Anyway, who would have thought that writing three or four hundred words a week in a blog would be so difficult after only a few weeks? Not me, that is who. I have to say that it is not my top priority at the moment. Besides my real job, where we have a Higher Learning Commission team visiting tomorrow and where I had 49 writing assignments to grade over the weekend, I have been doing the first edit of my novel The Doll. Let me tell you editing a 249-page (so far) story is not like editing a poem. I actually enjoy editing and revising a poem because I can see the results right there in front of me. As I was editing in Chapter 33 of the book last night, I called a hound dog by one gender or the other, and I thought, “Did I call that hound dog 'he' or 'she' back a couple of chapters ago?” I had to look because I could not remember and it is not on the same page or even the previous page. Editing a long narrative is boring and trying—and then I also have to realize that I may have to do it again three or four times.

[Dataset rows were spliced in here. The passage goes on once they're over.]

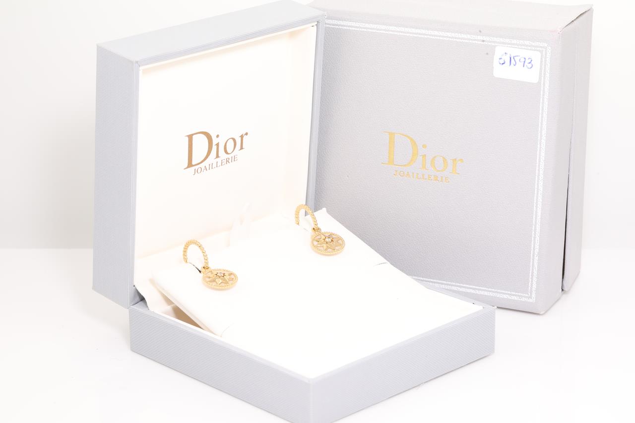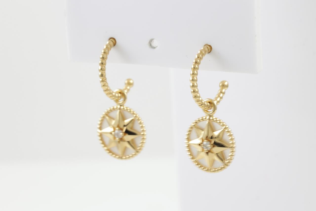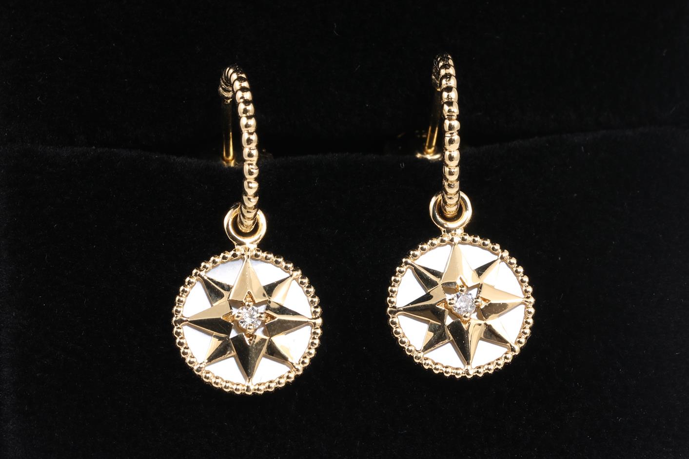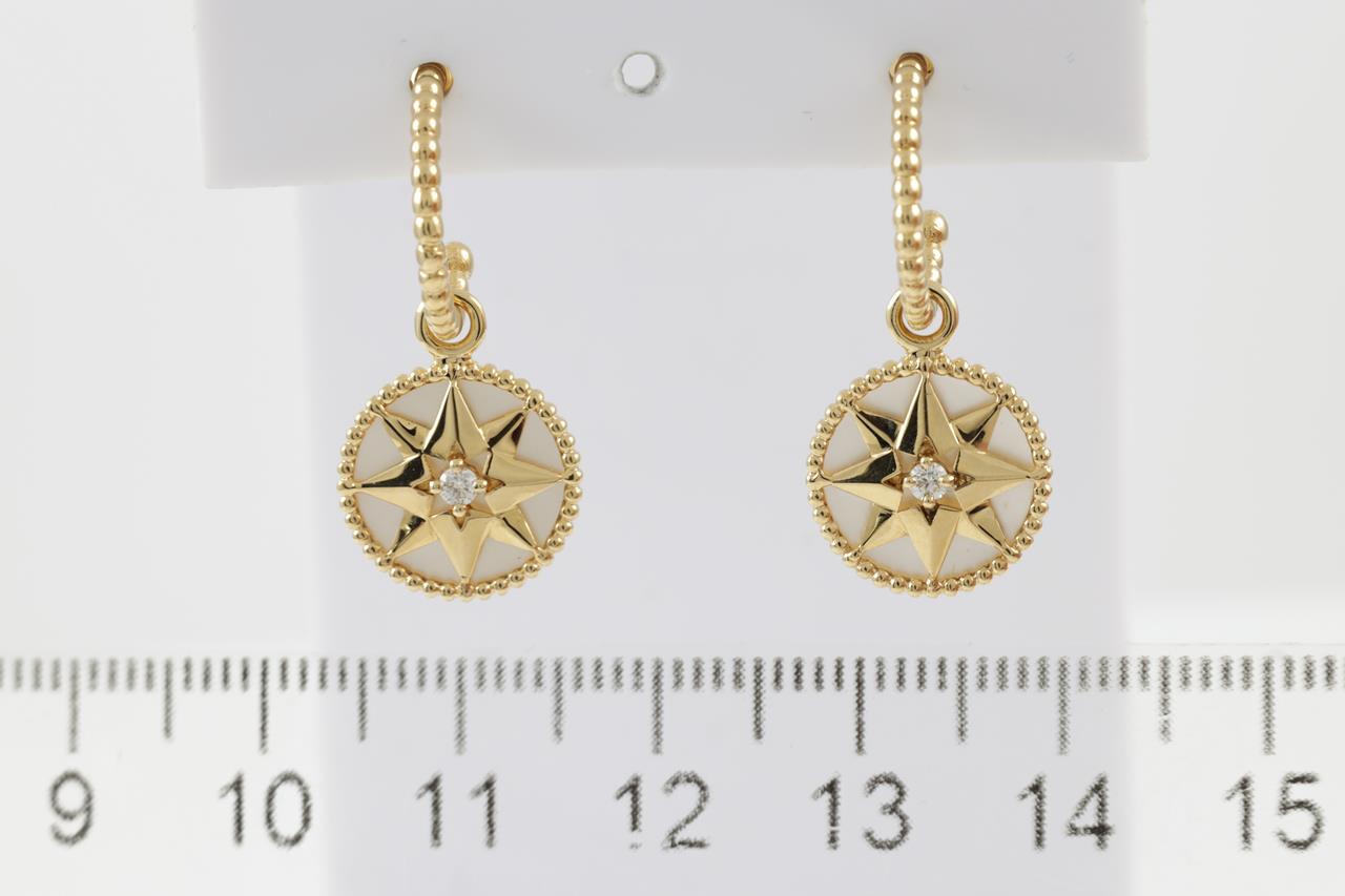 Christian Dior Rose Des Vents earrings with round Diamond totalling approximately 0.09cts and mother-of-pearl. 18ct yellow gold. Weight 4.5g. Diameter of motifs: 12mm. With Christian Dior box and Christian Dior Authenticity booklet dated 23/11/2018. (Pre-owned)
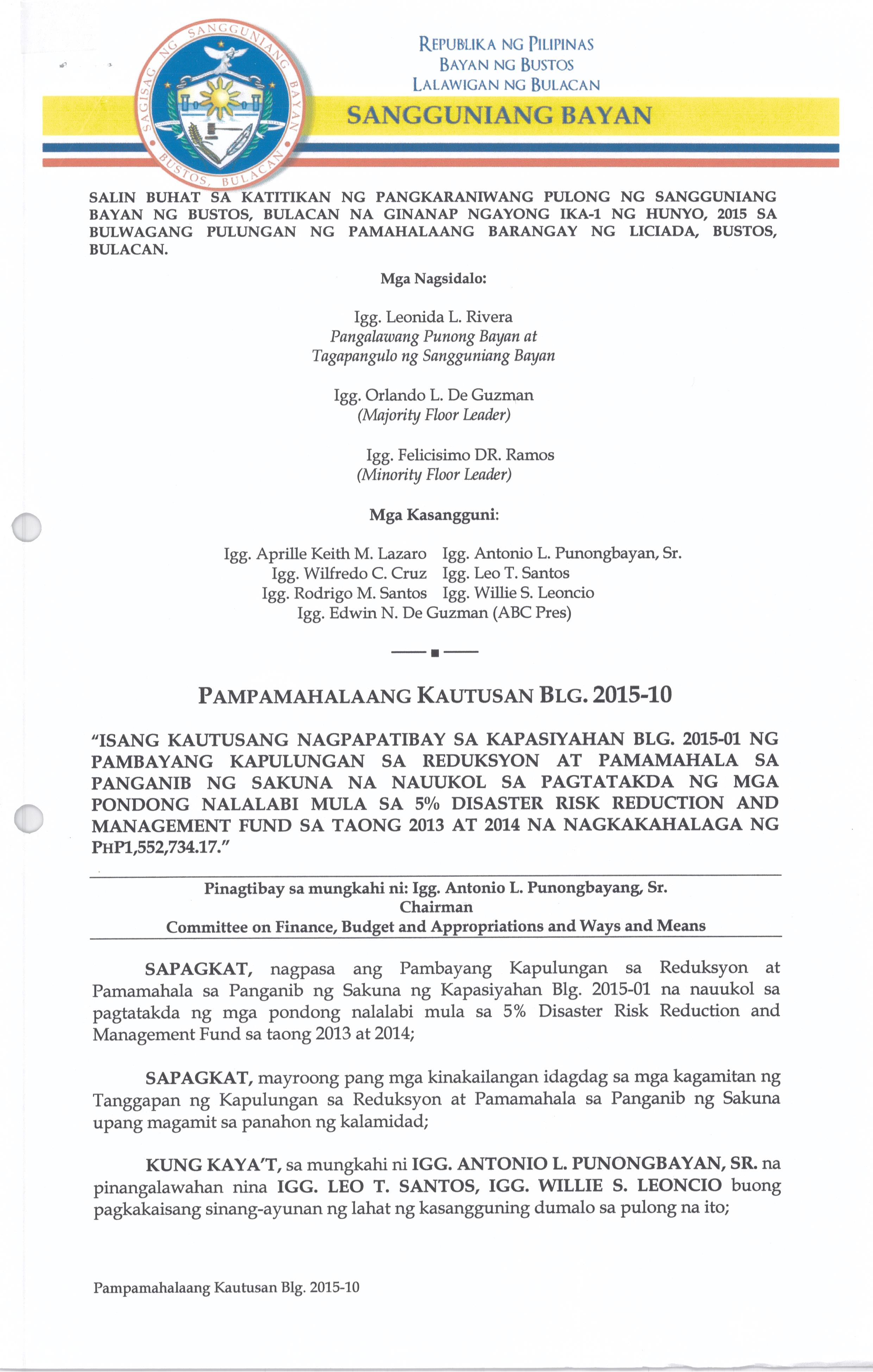 Isang Kautusang Nagpapatibay sa Kapasiyahan Blg. 2015-01 ng Pambayang Kapulungan sa Reduksyon at Pamamahala sa Panganib ng Sakuna na nauukol sa Pagtatakda ng mga PondongNalalabi mula sa 5% Disaster Risk and Reduction and Management Fund sa Taong 2013 at 2014 na nagkakahalaga ng Php. 1,552,734.17.
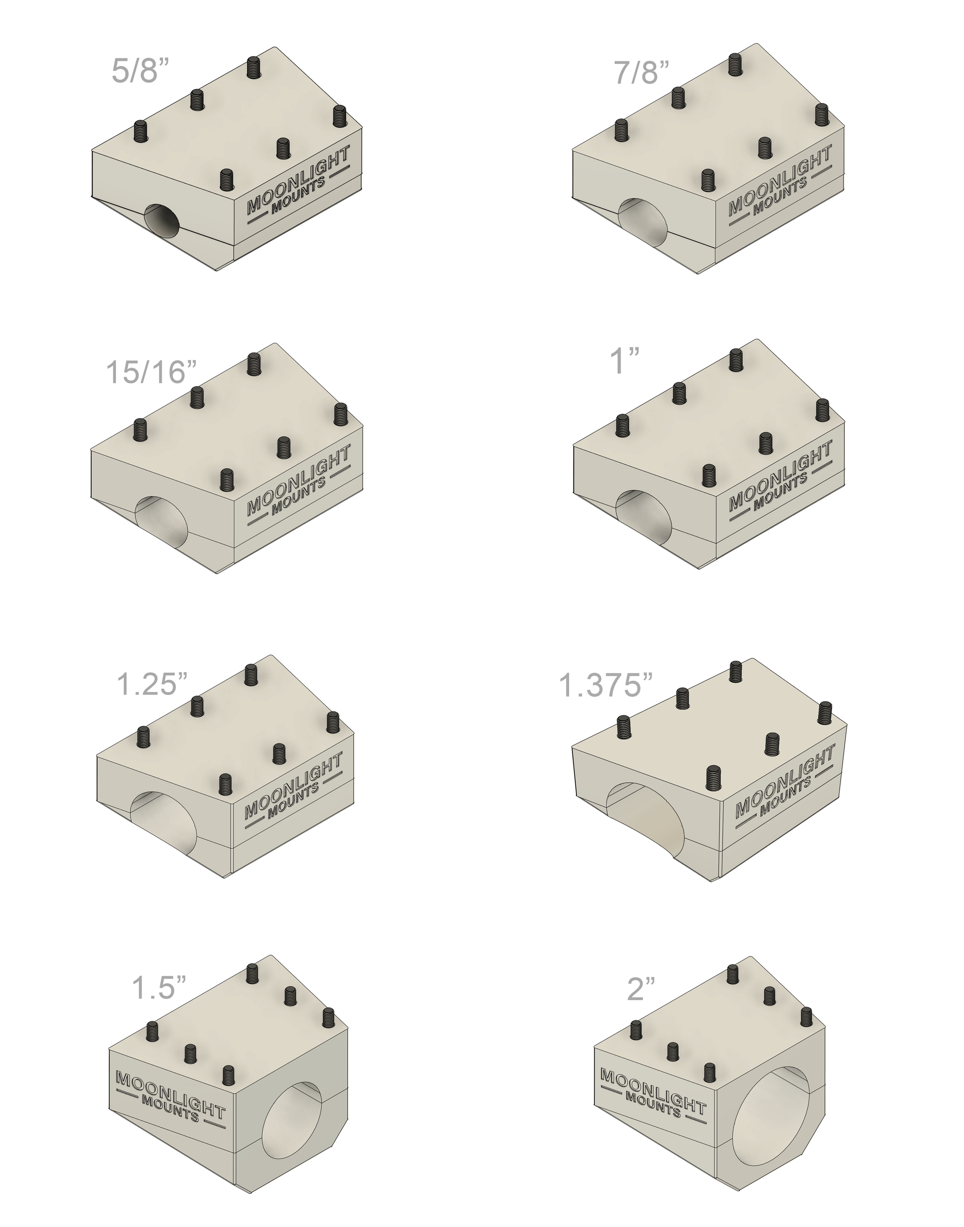 Available Pole Bracket Sizes: 5/8", 7/8", 15/16", 1", 1.25", 1.375", 1.5", and 2" diameter

So, speaking about hound dogs, here is Part III of a poem from the new book of poetry Atheists and Empty Spaces. The poem is called The Buzz Revisited Again. Part III is entitled The Sermon of the Hound. It is modeled after Jesus’ Sermon on the Mount, Buddha’s Fire Sermon, and T. S. Eliot’s The Fire Sermon section in his seminal poem The Wasteland. I guess that information is in the footnote from the book. I didn’t know it would copy and paste with the text. Hmm…Enjoy.


Part III. The Sermon of the Hound [i]

(We are the dogs that feed on the crumbs.)


Blessed be the trickle of the stream o’er rocks

And the many lusty scents ‘round the pool.

Blessed be the running sheets of morning fog

In the breezes above the squirming trees.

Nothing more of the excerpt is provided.